Primary habitat? Wyggeston grammar school for girls - the boys didn't have an infants' - in Leicester. One of the reasons why my father took the job of principal at what was then University College, Leicester, was because of the very good Elizabethan grammar school. My parents were great supporters of grammar - as opposed to boarding - schools and took the view that they had not brought a child into the world to send him off into the care of strangers. I took the 11-plus, except that it wasn't called that; we sat "intelligence tests". They had just come in, and nobody quite knew what they were.

Secondary location? At Wyggeston Grammar School for Boys, if you were extremely bright, you took classics; if you were extremely thick you did woodwork. In between was science, then modern languages. I was in the science stream.

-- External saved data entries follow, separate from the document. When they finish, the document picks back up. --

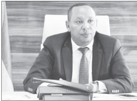
ሸት ተስፋዬ በልጅገ
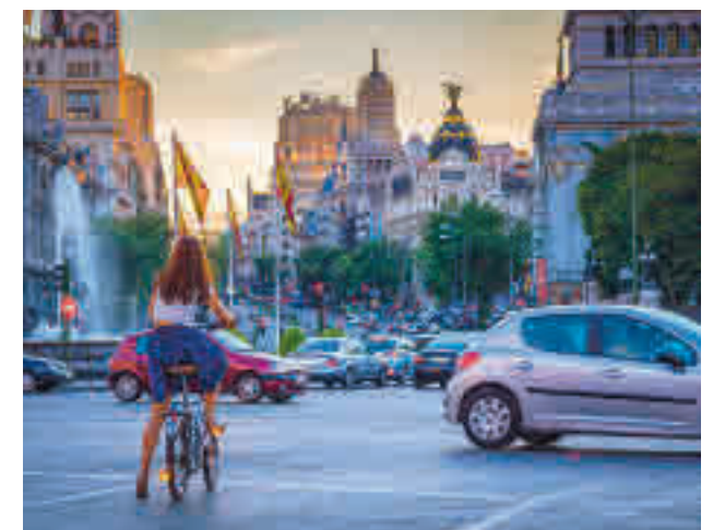
Un ciclista transita por una calle de la capital

Además, añaden que, antes de finales de julio, estarán colocadas 305 nuevas horquillas aparcabicis, comenzando su instalación en un plazo de 15 días. En cada horquilla cabrán dos bicicletas, por tanto, se podrán aparcar 610 más en 61 situaciones nuevas.
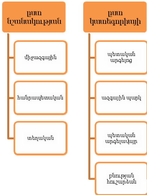
Գծապատկեր 1. ԲՀՊՏ-ների դասակարգումը ՀՀ-ում [9]

ՀՀ-ում կան 3 պետական արգելոցներ, 4 ազգային պարկեր, 27 պետական արգելափայտեր:
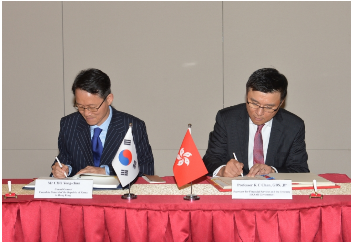
Mr CHO Yong-chun Consul-General Consulate-General of the Republic of Korea in Hong Kong
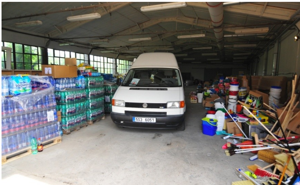
Obrázek 4: Sklad materiální pomoci OS ČČK Mělník při povodních v roce 2013

Na Mělnicku při povodni 2013 místní OS ČČK zřizoval sklad materiální pomoci zásobující celkem 36 obcí. Denně se na chodu skladu podílelo přes 10 dobrovolníků, členů ČČK (obrázek č. 4), dopravu zajišťovali místní dopravci nebo zasažené obce pověřili jednoho zástupce (často jednotku sboru dobrovolných hasičů) a materiální pomoc byla dopravována z místního skladu ČČK do skladu v každé obci.
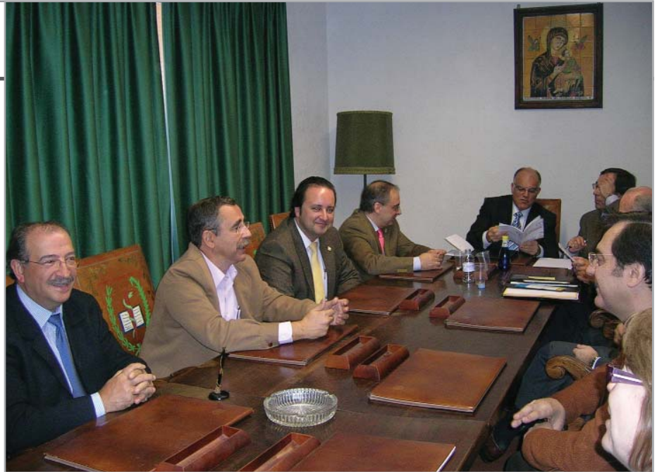
Al acto de traspaso de la presidencia asistieron los presidentes de los Colegios de Médicos de las cinco provincias castellano-manchegas, tres vocales autonómicos y cuatro miembros de la Comisión Deontológica Autonómica

Hizo, además, un repaso de otros logros conseguidos hasta ahora por el Consejo Autonómico de Colegios Médicos de Castilla La Mancha, como el pionero servicio de videoconferencias por el cual se están interesando otros Consejos Autonómicos y Colegios Médicos. Este sistema permite llevar a cabo cursos y reuniones on line, constituyendo una herramienta

Rock of ages? I was a deeply committed fossil-hunter. The Leicestershire rocks are very rich in fossils, which are thrilling things to collect, even now. I made a series about geology a few years ago and it was still a thrill: hitting a rock, splitting it open and seeing what had not been seen for 150 million years. I wanted to be a geologist and climb Mount Everest. A very nice physics master, who had done some sort of geology papers at university, gave me private tuition. At 16, when everyone else was doing Latin, I got on a train and went to zoology classes at the University of Nottingham. Also at 16, I taught at slum schools - this was during the war - in Leicester.

Am I my brother's straight man? We did Gilbert and Sullivan. My brother [Richard Attenborough] was the great star and it was expected that I would do the same thing. We were both in Iolanthe, when I think that he was a fairy - or maybe I was the fairy. He was always putting on shows in which I was recruited as a feed for him.

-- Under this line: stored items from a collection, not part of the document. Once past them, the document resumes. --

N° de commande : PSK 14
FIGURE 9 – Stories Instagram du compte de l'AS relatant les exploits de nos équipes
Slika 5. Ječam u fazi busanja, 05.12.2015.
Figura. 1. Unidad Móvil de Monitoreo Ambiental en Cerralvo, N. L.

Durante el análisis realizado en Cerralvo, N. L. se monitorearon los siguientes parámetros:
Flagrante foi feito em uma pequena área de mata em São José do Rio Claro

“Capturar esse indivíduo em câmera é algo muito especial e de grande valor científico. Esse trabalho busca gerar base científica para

Life on Cam? I took a scholarship to Cambridge; my father's view was that if you didn't get a scholarship, you didn't deserve to go to university. You had to pay in those days, and as the principal of a small red-brick college it would have been a great sacrifice. I got an open scholarship to Clare. The course was only two years. I would like to think that the two-year intensive degree course didn't cut too many corners. You worked in the vacations. If you read science, you didn't laze around on the river with girls - like people reading English and philosophy - but it was a paradisiacal time. I got a 2.1 in natural sciences. I found the three-dimensional crystallography inscrutable and I'm sure it let me down.

Trials of marine life? Then I did my National Service. It was thought the Services needed scientists - though what they wanted with a geologist ... I wanted to go abroad, so I went into the Navy and became a lieutenant; they sent me to the Firth of Forth.